● Problem statement: Write the data out in full and word for word. Do not include images.

● Given material:
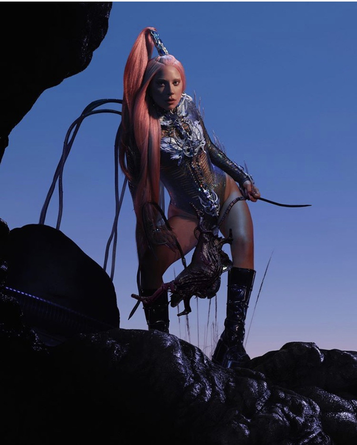 在此前Lady Gaga为外媒拍摄的专辑宣传写真中,她同样造型大胆,画面随处彰显着赛博朋克风格和未来主义风格,与《Chromatica》秉承的视觉语言体系一脉相承。写真中机械的元素反映了数字时代人们逐渐缺失的真实,而环绕Gaga身体的相机则警示了当下媒体对隐私权的侵犯。
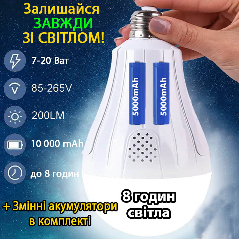 Світлодіодна лампа E27 з акумулятором – це освітлювальний елемент, який має бути в будь-якому будинку, на випадок, якщо несподівано відключили електрику. Завдяки замінним акумуляторам, лампа може в автономному режимі освітлювати приміщення без електрики до 8 годин.
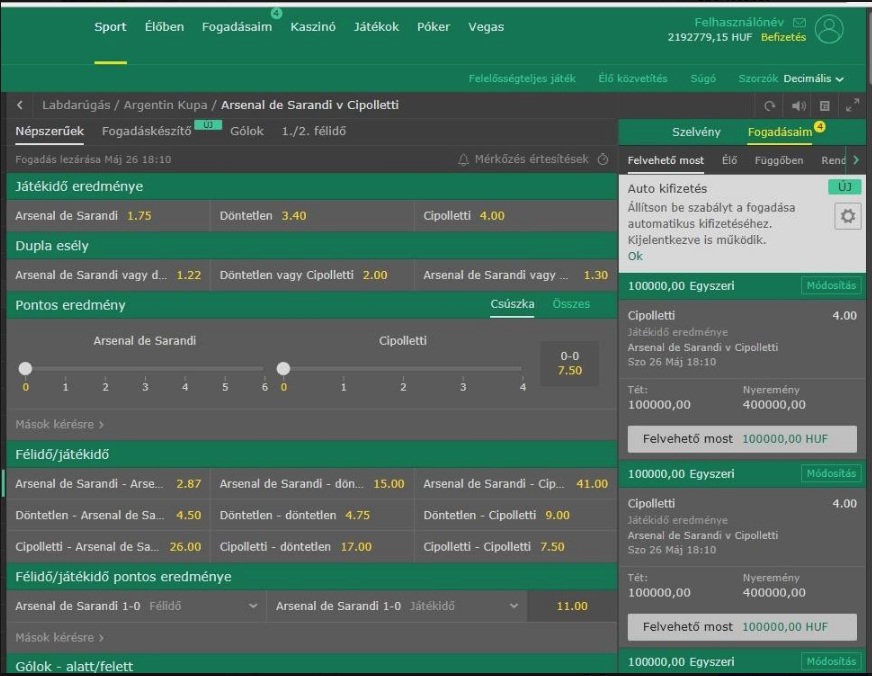Argentin kupameccs ahol a vendégre 4.0 szorzóval lehet fogadni és ő ezt 4 részletben megpakolta összesen 400.000Ft-all. Kicsit szétszedném ezt a tippet: Először is ha valaki 400.000Ft téttel fogad az azt jelenti hogy neki 10 és 20 millió Ft közötti bankrollal kellene rendelkezzen, attól függően hogy 4% vagy 2%-os tétméretet használ. (Meg kell említsem, hogy ekkora oddsos fogadásoknál, még kisebb tétméret lenne a reális, ami 40-50 millió Ft bankrollt igényelne de ettől most tekintsünk el.)

● Solution for this exercise:
 在此前Lady Gaga为外媒拍摄的专辑宣传写真中,她同样造型大胆,画面随处彰显着赛博朋克风格和未来主义风格,与《Chromatica》秉承的视觉语言体系一脉相承。写真中机械的元素反映了数字时代人们逐渐缺失的真实,而环绕Gaga身体的相机则警示了当下媒体对隐私权的侵犯。
 Світлодіодна лампа E27 з акумулятором – це освітлювальний елемент, який має бути в будь-якому будинку, на випадок, якщо несподівано відключили електрику. Завдяки замінним акумуляторам, лампа може в автономному режимі освітлювати приміщення без електрики до 8 годин.
Argentin kupameccs ahol a vendégre 4.0 szorzóval lehet fogadni és ő ezt 4 részletben megpakolta összesen 400.000Ft-all. Kicsit szétszedném ezt a tippet: Először is ha valaki 400.000Ft téttel fogad az azt jelenti hogy neki 10 és 20 millió Ft közötti bankrollal kellene rendelkezzen, attól függően hogy 4% vagy 2%-os tétméretet használ. (Meg kell említsem, hogy ekkora oddsos fogadásoknál, még kisebb tétméret lenne a reális, ami 40-50 millió Ft bankrollt igényelne de ettől most tekintsünk el.)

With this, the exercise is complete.